April 13, 2023
Vice President, U.S.-Africa Business Center, U.S. Chamber of Commerce, Executive Director, U.S.-South Africa Business Council, U.S. Chamber of Commerce, Executive Director, Coalition for the Rule of Law in Global Markets, U.S. Chamber of Commerce
Ukraine faces a long road of reconstruction amid the ongoing conflict — and, presently, lacks the capacity to absorb and disperse necessary international aid and investment. Addressing this issue will require extensive reforms and close oversight throughout the entire process to effectively utilize the funds.
As part of the U.S.-Ukraine Partnership Forum hosted by the U.S. Chamber of Commerce, leaders from around the world discussed the necessary reforms and oversight tools for reconstruction, as well as how international partners can help ensure those reforms take root.
Public-Private Partnerships Can Aid in Recovery
Despite the war and loss of population and economic output, the Ukrainian economy remains resilient. The World Bank estimates reconstruction needs of over $400 billion, which requires private sector investment. To attract such investment, Ukraine needs a strong rule of law, competition policies, transparency, and an enabling environment.
The United States Agency for International Development (USAID) program and Advantage Ukraine help prioritize investment needs and provide technical capacity to attract investment.
“Just as recently as 2020, a survey indicated that one of the top concerns for investment decision-makers in Ukraine is corruption,” said Isobel Coleman, Deputy Administrator of USAID. “And so it is a real issue.”
However, Ukraine has made strides in this regard with the establishment of anti-corruption entities and e-government processes.
“This is truly an inflection point for the Ukrainian economy, as it hopefully transitions soon from a wartime economy to a peace economy and focuses on that ascension process to the EU to really continue with decentralization, transparency, and limiting the role of outsized persons and individuals in particular sectors,” Coleman said.
The private sector can help Ukraine by investing in institutions, policies, and transparency, as well as recognizing the two different economies in the country. The Ukrainian government is responsive and eager to attract investment to help their struggling economy. Investing in sectors like housing, energy, and retail services can help bring Ukraine back on track to where it was before the invasion.

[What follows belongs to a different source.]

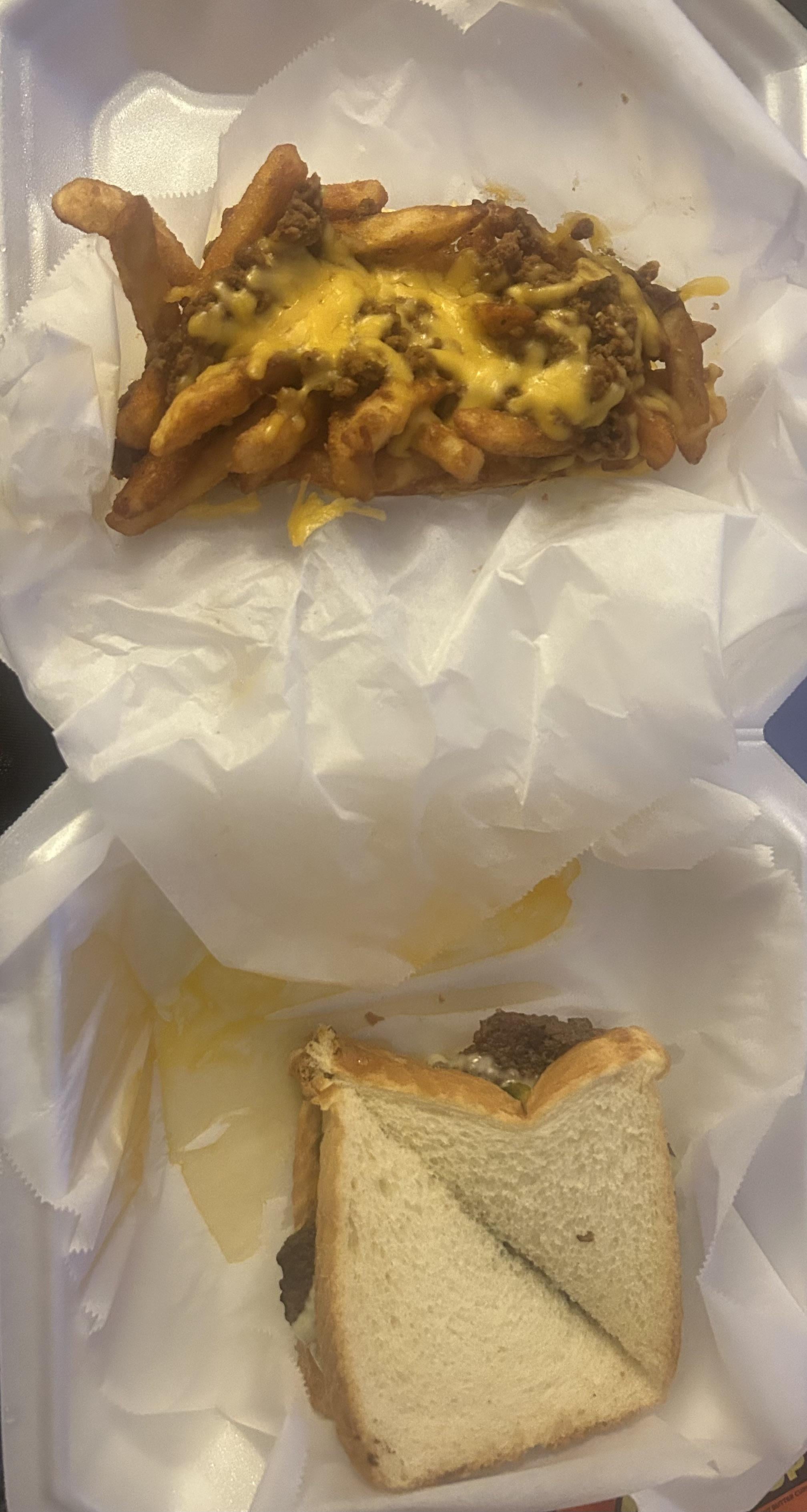 Went several weeks ago. This was $18. Patty Melt and supposedly the side order of chili fries. Delivered in a single container. The interior of the restaurant is as appealing as the food. That’s what I get for getting door dash pickup at a new (to me restaurant). Stay away.

New Initiatives Aim to Remove Barriers to Investment
Reforms and improvements in energy have made Ukraine an attractive place for investment. Despite being at war, Ukraine has integrated into EU markets and has resumed exporting electricity to the EU.
“It is based on the years of the very boring and long and almost invisible process of both technical and legal, and also transparency and in the liberalization of markets, establishment, independent regulator, and regulator commission,” said Taras Kachka, Deputy Minister of Economy of Ukraine.
Slow but steady progress is being made in judicial reform, including the criminal convictions of corrupt judges and the establishment of a council responsible for selecting judges.
“It also took several years to investigate the small corrupted [and] big corrupted cases in [the] judicial community,” Kachka continued. “But now we have the final criminal convictions of those corrupted judges. At the same time … about half of [the] judicial positions in Ukraine are vacant now.”
The completion of negotiations on a modernized Canadian-Ukrainian FDA agreement is seen as a positive signal for the quality of Ukraine’s domestic regulations and its business environment.
Ukraine Is Seeking Policies to Attract Investments
Despite a poor reputation among some in the business and investment community due to past corruption and oligarchs, Ukraine has a progressive business community that was just starting to gain momentum in 2022.
“Unfortunately, the Russians had other plans for Ukraine,” said Eric Hontz, Director, Center for Accountable Investment for the Center for International Private Enterprise. “What will happen in the rebuilding of Ukraine is a re-engagement of this progressive business community that was already there.”
To rebuild, Ukraine needs a policy of competition to attract more investors and pressure the country to move in a positive direction. This policy will drive changes in the private sector, and investments in judicial reform and regulatory policy will also be necessary. The country has human capital and potential, and with time, Ukraine can transform from a laggard to a leader in the EU.
American Businesses Can Support Ukraine’s Future
The primary obstacle for investors looking to invest in Ukraine is the negative perception of Ukraine as an investment destination due to corruption and political instability. However, this perception is changing due to the efforts of companies already operating in Ukraine and initiatives by organizations, such as the U.S. Chamber of Commerce.
“There is [a] reason why this perception is there, but I think what we need to do now, and when I say we, it's really the companies that are already working in Ukraine,” said Andy Hunder, President of AmCham Ukraine. “Together with the U.S. Chamber and together with this [business initiative], it's really to get the messages out about what's going on.”
Multinational corporations, such as Coca-Cola, PepsiCo, and Unilever, have made significant investments in Ukraine and are contributing to local communities.
“Our message is to the companies that aren't in Ukraine today … Ukraine is open for business,” Hunder said. “Come to Ukraine, invest in Ukraine, and start investing now. Don't leave it too late; don’t miss the bus.”